### WHAT TO WORK ON
Print out the data exactly, keeping every image out of it.

### RAW DATA
* * * * *

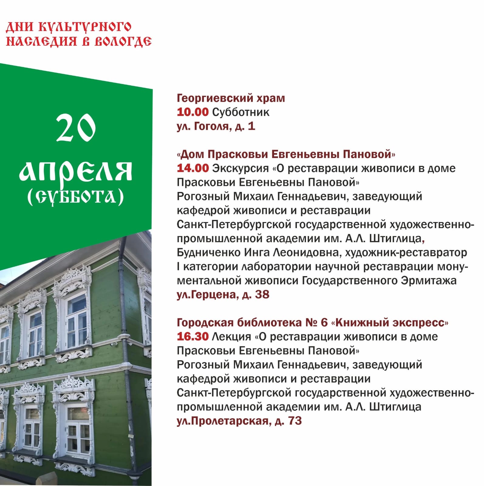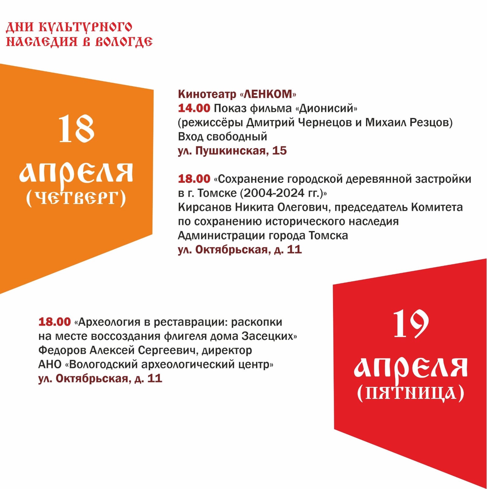 «Дни культурного наследия» пройдут в Вологде 13-21 апреля при поддержке Администрации города. Они приурочены к Международному дню памятников и исторических мест, который отмечается 18 апреля. Будут организованы экскурсии по деревянным памятникам архитектуры, лекции, мастер-классы, просмотр фильмов и др. Количество мест ограничено.
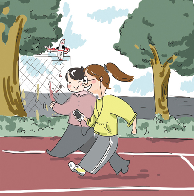 17:30 紫荆操场 阳光长跑。每天伴着夕阳一起跑起来,“为祖国健康工作五十年”,头顶忽而飞过曾夺取过国际空中机器人大赛冠军的四旋翼无人机,超酷!
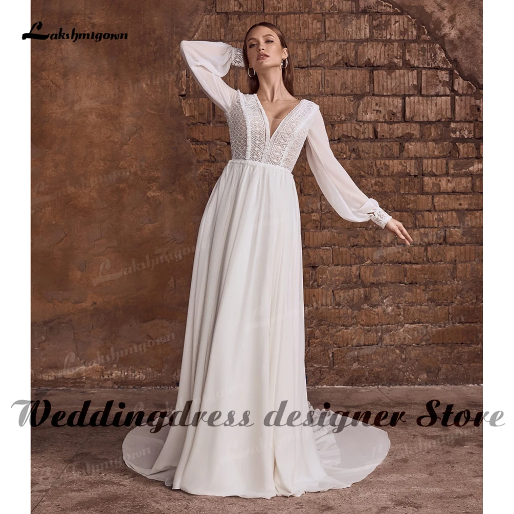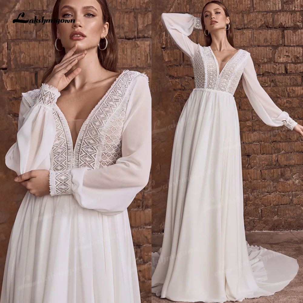 Свадебные платья-трапеции в стиле бохо с пышными длинными рукавами и V-образным вырезом, пляжные свадебные платья цвета слоновой кости, простое шифоновое свадебное платье, vestido de noiva 2022

* * * * *

### OUTPUT OF THE TASK
 «Дни культурного наследия» пройдут в Вологде 13-21 апреля при поддержке Администрации города. Они приурочены к Международному дню памятников и исторических мест, который отмечается 18 апреля. Будут организованы экскурсии по деревянным памятникам архитектуры, лекции, мастер-классы, просмотр фильмов и др. Количество мест ограничено.
 17:30 紫荆操场 阳光长跑。每天伴着夕阳一起跑起来,“为祖国健康工作五十年”,头顶忽而飞过曾夺取过国际空中机器人大赛冠军的四旋翼无人机,超酷!
 Свадебные платья-трапеции в стиле бохо с пышными длинными рукавами и V-образным вырезом, пляжные свадебные платья цвета слоновой кости, простое шифоновое свадебное платье, vestido de noiva 2022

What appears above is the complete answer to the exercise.